:: EXERCISE DATA ::
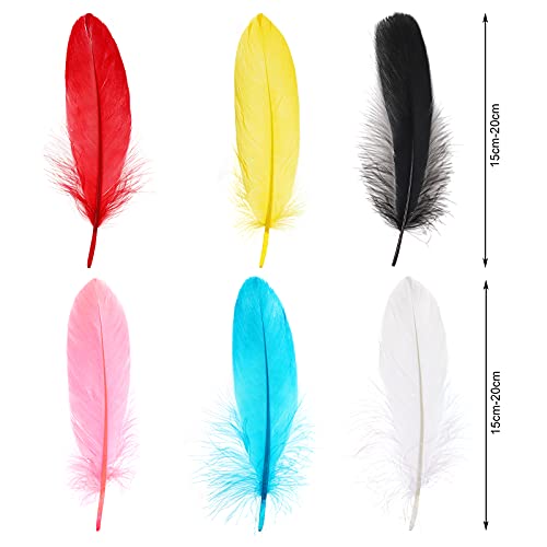 MWOOT 180 Pezzi Artigianato Piume Colorate, 6 Colori Mini Piume (15-20cm) per Orecchini DIY Gioielleria Cacciatore Sogni Fare decorazioni Casa Bianca Nero Rosso Giallo Rosa Blu
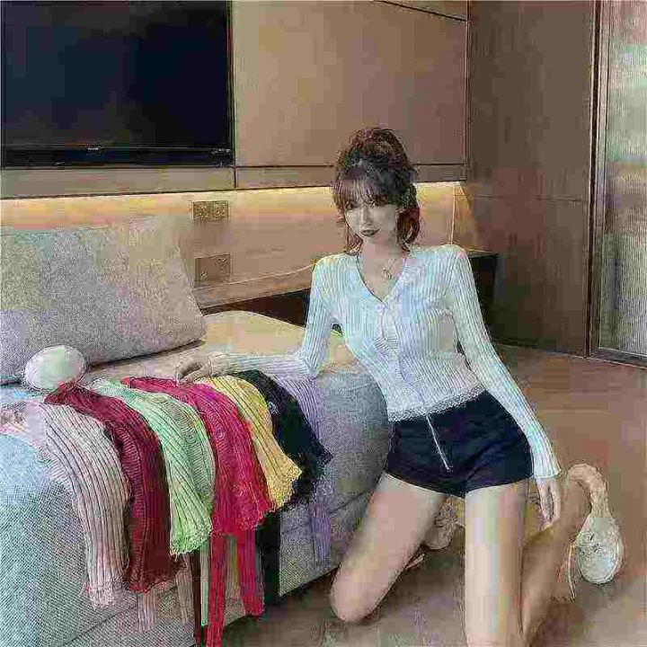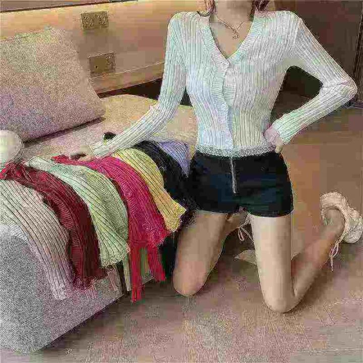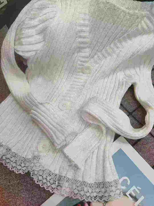 韩版2025chic长袖针织开衫女装外套毛衣春秋新款修身蕾丝边开衫,独立包装,均码,950件左右,清8.5,分➕1。 货号:24862
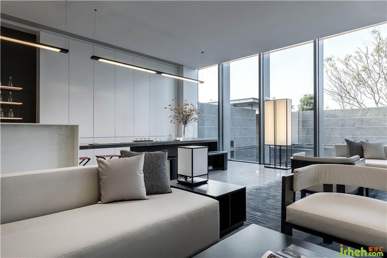 洽談區(qū)采用大面積落地玻璃,庭院之景,為空間增色,春夏秋冬,變?yōu)橐环噬嬜?,人立于室?nèi),與自然產(chǎn)生連接,心境也因此越過(guò)藩籬,感受純粹的安寧。
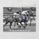 Horse racing's greatest moment when two amazing thoroughbreds with their rippling muscles battle to the finish line in a photo finish noses apart at historic Belmont Park. In this race, VALHALLA on the outside got the win in the blue SADDLECLOTH in this black and whit photo.
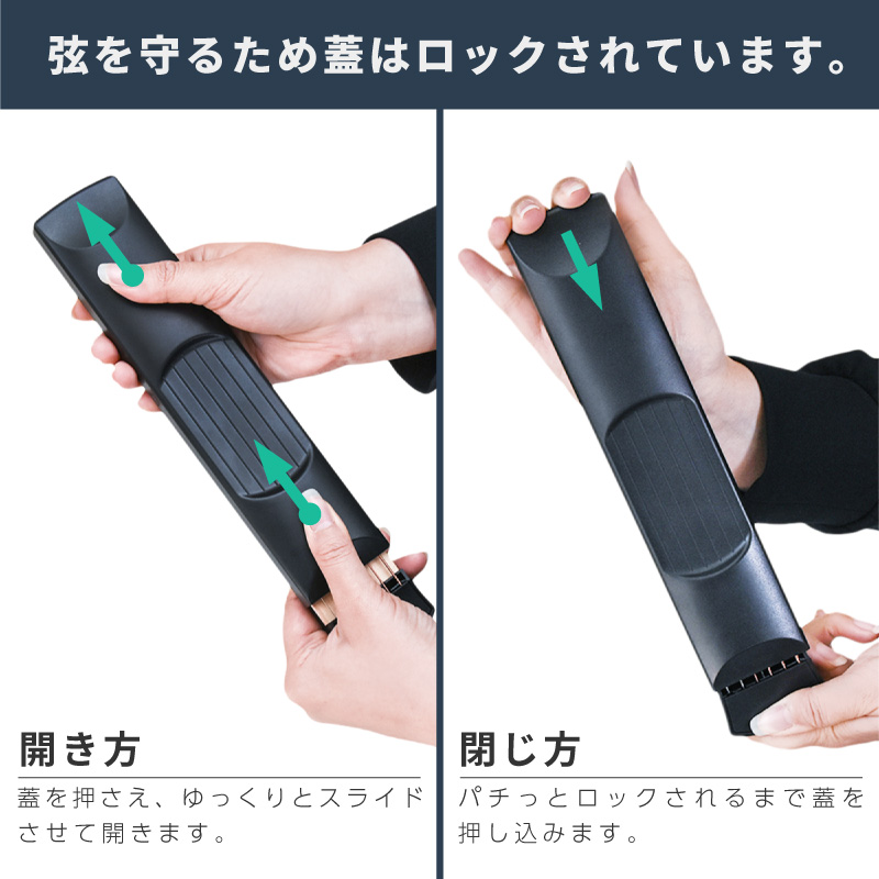 ■蓋は弦の保護の為ロックされています。蓋を押さえながらゆっくりとスライドさせて開けてください。

:: PROBLEM ::
Leave the pictures out and output the rest of the data word for word.

:: EXPECTED ANSWER ::
 MWOOT 180 Pezzi Artigianato Piume Colorate, 6 Colori Mini Piume (15-20cm) per Orecchini DIY Gioielleria Cacciatore Sogni Fare decorazioni Casa Bianca Nero Rosso Giallo Rosa Blu
 韩版2025chic长袖针织开衫女装外套毛衣春秋新款修身蕾丝边开衫,独立包装,均码,950件左右,清8.5,分➕1。 货号:24862
 洽談區(qū)采用大面積落地玻璃,庭院之景,為空間增色,春夏秋冬,變?yōu)橐环噬嬜?,人立于室?nèi),與自然產(chǎn)生連接,心境也因此越過(guò)藩籬,感受純粹的安寧。
 Horse racing's greatest moment when two amazing thoroughbreds with their rippling muscles battle to the finish line in a photo finish noses apart at historic Belmont Park. In this race, VALHALLA on the outside got the win in the blue SADDLECLOTH in this black and whit photo.
 ■蓋は弦の保護の為ロックされています。蓋を押さえながらゆっくりとスライドさせて開けてください。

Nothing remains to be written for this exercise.